BloodIronBeer, February 5th, 2007

My problem with Dionysus has always been the mind-numbing simplicity with which they approached their song writing. This album is more tolerable in that sense.

But it's not spectacular.

Dionysus play a style of power metal that is actually probably a little bit more like Finnish than Swedish power metal. Not incredibly fast or heavy, with subtle elements (mostly in the guitars) of 80's metal, with moments of cheesy keyboards.

Most of the songs consist of mid-paced power metal riffs of fairly good quality. There's still a number of those slow, meloncoly parts where the guitar drops out temporarily. Songs like Queen of Madness, The World and Tides Will Turn are some of the darker and heavier songs this band has done (which isn't saying much). There's a couple good solos on some tracks, but they're mostly scale-runners which do nothing really.

Bands like this must make up for their lack of sheer energy and astounding musicianship that most first and even second tier bands have, with at least having memorable riffs, or catchy, sing-along songs. But Dionysus is hit and miss in this aspect as well.

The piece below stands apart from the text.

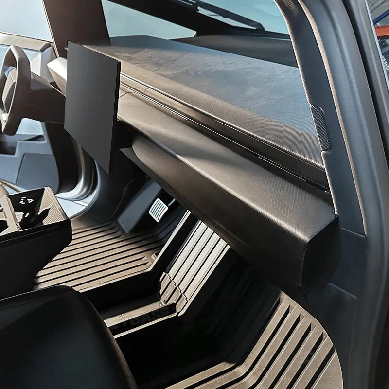 Modeled directly from the original Cybertruck dashboard contours, this custom-fit carbon fiber dash cover integrates seamlessly with factory panels. Once installed, it sits flush and secure, maintaining a clean OEM appearance without gaps or misalignment.

I believe a problem may arise from their vocalist. Relatively strong on his Swedish accent, and though obviously talented as a singer, just not powerful enough to make any songs' choruses explode with energy or life. He stays within a safe range, and doesn't wail or screech. Most of the songs don't have enough energy to accomodate for it anyway.

It's not all bad though. The song The World is a nicely done song, with a very catchy chorus and a nice solo. Tides will Turn is a stern sounding song with some balls, some keyboards helping out but not interfering in the background, a slightly spiced up structure with a very unique, dark bridge and bass parts that spring up occasionally.

I'm just barely giving this album a passing grade. Though it's a tough choice to make. It lacks the pure energy of bands like Wizard, the technical flair of bands like Angra or Hibria, the balls of Gamma Ray and the simple undeniable hook-filled choruses of Nocturnal Rites.

I suppose the thing that tips the scale is that they certainly seem to be heading in a better direction, and as strange a thing as it may be - because the bass is pronounced, and the bassist does fills. That is very rare especially in power metal, except for exceptional bands like I mentioned - Angra and Hibria.

So, if you're really a die hard power metal fan, pick it up. Otherwise, forget about it.